The utility and perspectives of NGS-based methods in BSL-3 and BSL-4 laboratory - sequencing and analysis strategies.

机构信息

National Institute of Public Health - NIH, Poland.

出版信息

Brief Funct Genomics. 2018 Nov 26;17(6):471-476. doi: 10.1093/bfgp/elx033.

DOI:10.1093/bfgp/elx033
PMID:29136087
原文链接:https://pmc.ncbi.nlm.nih.gov/articles/PMC7109780/
Abstract

Modern diagnostics is in general based on molecular biology methods.
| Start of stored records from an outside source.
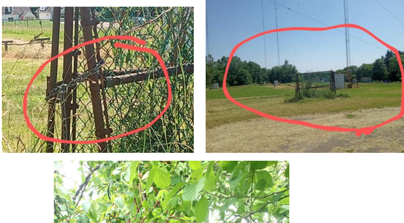
WELL The gate is closed and locked ! (and a minor issue with the actual fence)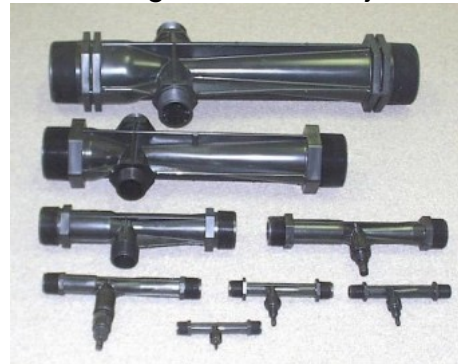
Image shows the various sizes of ozone injectors & ozone venturis. Injectors range from 1/2-in MPT to 4-in MPT process connections. All ozone injectors made from high quality black Kynar (PVDF).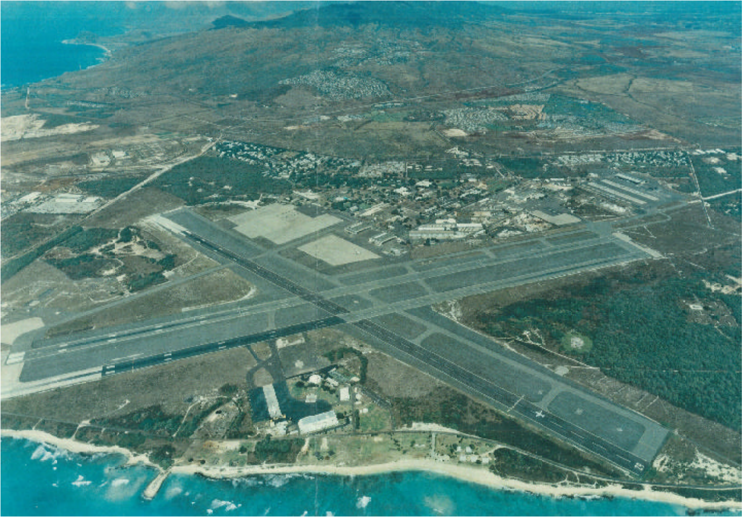
An aerial view of the Kalaeloa District.

Nowadays sequencing-based methods, especially whole genome sequencing, are becoming increasingly important. Implementation of such methods into routine diagnostic of highly dangerous pathogens, like Bacillus anthracis, Francisella tularensis, Yersinia pestis, Ebola virus, MERS, Lassa virus etc. would be very helpful. The best diagnostic strategy would be the metagenomic sequencing directly from the clinical sample. Implementation of majority of currently available WGS platforms inside the BSL-3 or 4 laboratory is impractical because of the size of the equipment and time consuming wet lab part (e.g. library preparation). Nowadays there is a possibility to implement pocket size MinION - real time whole genome sequencer into BSL-3 and 4 laboratory for rapid and precise diagnostic purposes.

摘要

现代诊断学通常基于分子生物学方法。如今,基于测序的方法,特别是全基因组测序,变得越来越重要。将这些方法应用于炭疽杆菌、土拉弗朗西斯菌、鼠疫耶尔森菌、埃博拉病毒、MERS、拉萨病毒等高危险病原体的常规诊断中非常有帮助。最好的诊断策略是直接从临床样本中进行宏基因组测序。由于设备的体积和耗时的湿实验室部分(例如文库制备),将大多数现有的 WGS 平台在 BSL-3 或 4 实验室中实施是不切实际的。如今,有可能将口袋大小的 MinION——实时全基因组测序仪引入 BSL-3 和 4 实验室,用于快速准确的诊断目的。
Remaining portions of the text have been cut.